More Video of the Seething Mob that Assaulted Women in Port Townsend, Washington
Celebrating diversity with misogyny
When Dawn Land arrived at the Port Townsend, Washington City Hall on 15 August, an angry, “threatening” crowd was already waiting. It was 4:01 PM.
“Their goal was to claim that space and fill the city council meeting with their people in order to prevent any of us from speaking,” Land explains. “Unfortunately, they succeeded.”
By the time the city council meeting began, “it would have been dangerous for any of us to walk through the crowd there.”
Land and a small group of less than three dozen people, mostly women in their 70s and 80s, had come to support Julie Jaman, the 80 year-old Port Townsend resident who was recently banned from the city pool for refusing to shower in front of a man.
Whipped into a frenzy by the mayor and the YMCA, which manages the pool, the crowd of hundreds screamed slogans, physically assaulted them, stole and damaged property, all while they “kettled” Dawn and her friends against a brick wall.
After all, their crime was to demand respect for women’s boundaries, so the mob had to punish them by respecting no boundaries at all.
In video clips shared with The Distance, members of the crowd can be seen riding bicycles close to the press conference participants like sharks in the water. Land caught one man on camera “encroaching on the space of a couple of our group.”
“When the male turns around and admonished the antagonizer, he throws his hands up and feigns innocence,” she explains.
As the women began to speak, the crowd waiting outside of City Hall began to cross the street and became aggressive.
“It’s 5:46,” Dawn Land says, “and suddenly, we are cramped for space.”
“There is a crazy, misogynistic man who has thrown himself on the ground among us,” she says. “He’s right behind Amy.”
Clearly disturbed, the man appears in other videos before the press conference dragging his posterior on the ground like a dog with worms.
Here, he can be seen crawling between women’s legs in a clear effort to break boundaries and alarm them. He was later arrested for stealing a woman’s shoe.
“He’s shouting hateful things, he accuses us of pushing him down, when in fact he is pushing all of us. He tries to claim victim, saying we kicked him,” Dawn says.
“When everyone around him calls him out for lying, he doesn’t seem the least bit bothered.”
Also unbothered was the woman holding his hand and comforting him while he performed this ridiculous trauma.
By 5:50 PM, the small circle of women had been cramped into “a tight huddle of bodies packed together.”
“There is an outer circle, compromised of both men and women, all facing outward, encircling the tight mass of women.”
Linking arms, they tried to maintain a perimeter against the much larger crowd. “I’m in the outer group, facing outward, blocking with my one remaining sign,” she says.
“Those in the outer circle keep shifting to the left or right, quickly trying to prevent any gaps from being breached.”
The situation became too confused and chaotic for Dawn Land to continue filming the entire time.

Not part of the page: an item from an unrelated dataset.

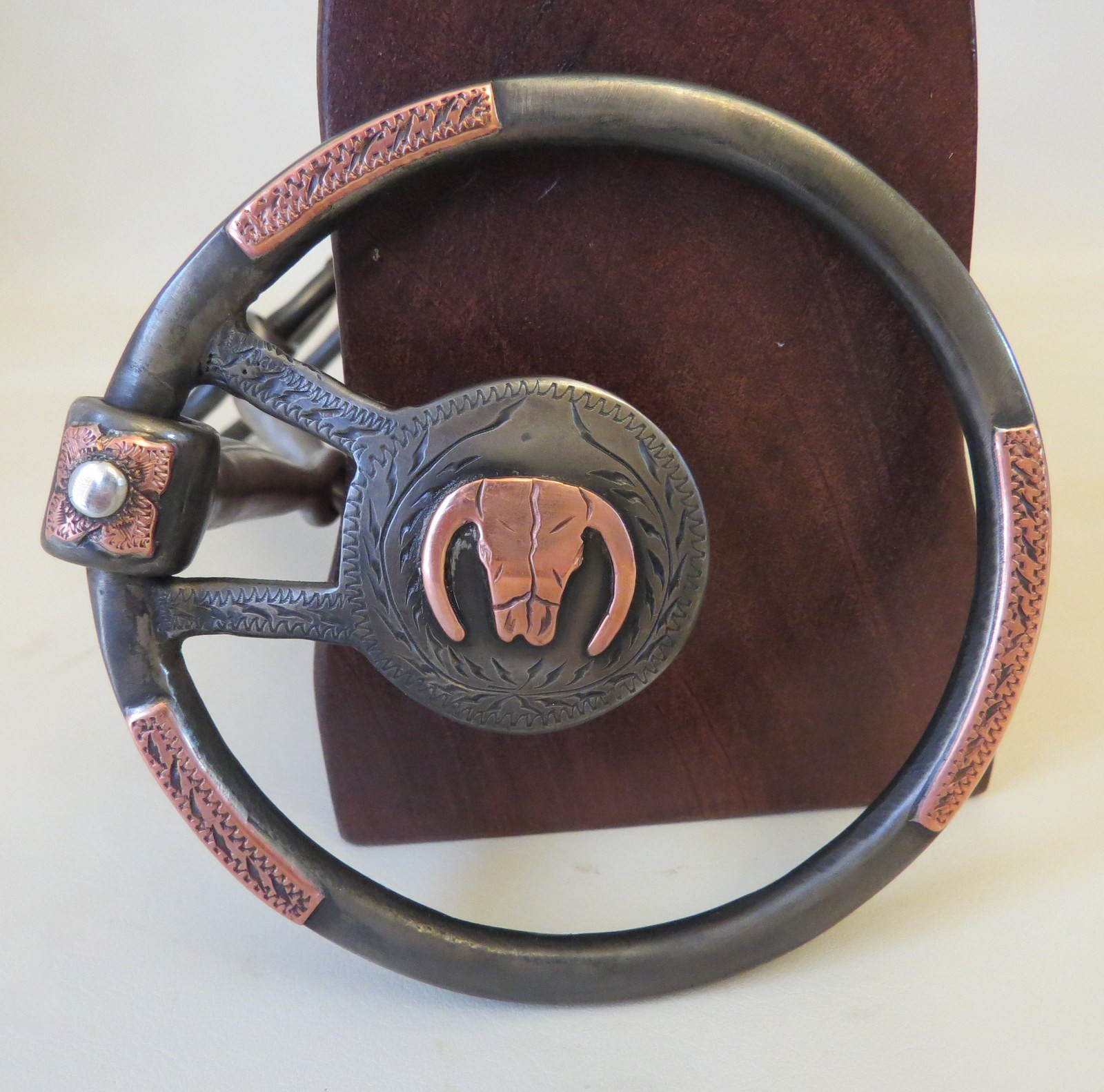 This is a new handmade bit made by David Hunt of Panhandle, Texas. It is marked Hunt and his brand a joined 7 and H and the number 251. David is a well-known bit and spur maker and has been building for over a decade. David is among the select group of spur makers to provide spurs for the Texas Style Bit and Spur Makers Association Woman’s Protective Services auction along with other top makers. The bit is steel with a dark iron finish and is mounted with engraved copper with a nickel silver dot in the center of the flowers. There is engraving in the steel between the mountings. This would be a nice bit to use.

“There are men, all larger than me, screaming in our faces. We are pushed from above. We are pushed from below. I can feel someone pushing and trying to grab the left side of my sign.”

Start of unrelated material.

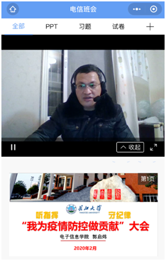 (通信员 张鑫)1949伟德国际源自英国为减少新冠肺炎疫情对员工教育管理工作的影响,同时推动教学信息化改革,保证疫情期间员工能够按照公司要求自行居家学习,保障网络教学有序参与。公司于202028日晚20:30通过雨课堂在线开展了“我为疫情防控作贡献”主题教育全院员工大会,电子信息公司党委副书记郭启炜作为主讲人与全体辅导员、公司1934名员工在线参与了此次大会。

“At this point, someone rips April’s suffragette flags off the wall and runs,” she says. “I think it was the threatening-looking guy who was yelling in my face earlier that Abraham Lincoln was racist.”

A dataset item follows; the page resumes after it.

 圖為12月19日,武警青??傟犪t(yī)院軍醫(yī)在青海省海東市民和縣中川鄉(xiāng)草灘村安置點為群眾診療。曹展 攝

It took another half-hour for police to escort Dawn Land and her companions from the scene. “We were all pretty shaken up at that moment,” she says.
As she left the scene with a friend, “two males approached me. They kept trying to engage me and the police officers told them to leave us all alone.”
Ignoring the police, the men re-approached the women with a female friend moments later to ask why she carried “such a disrespectful sign.”
Because they did not want to be followed to their vehicle, and a manned state police cruiser was just a few feet away, Dawn and her friend engaged the three young people.
But they “didn’t really have anything to say. They kept repeating talking points and criticizing me and my sign.”
As they tried to engage the children in conversation, a confederate ran up and snatched the sign. He later returned it destroyed.
“In hindsight, it was clear to me that their intent the entire time was to rob me of my property,” she says.
Dawn Land has pressed charges. “I’m not sure the officer is taking them seriously,” she says, “but I’m not dropping them.”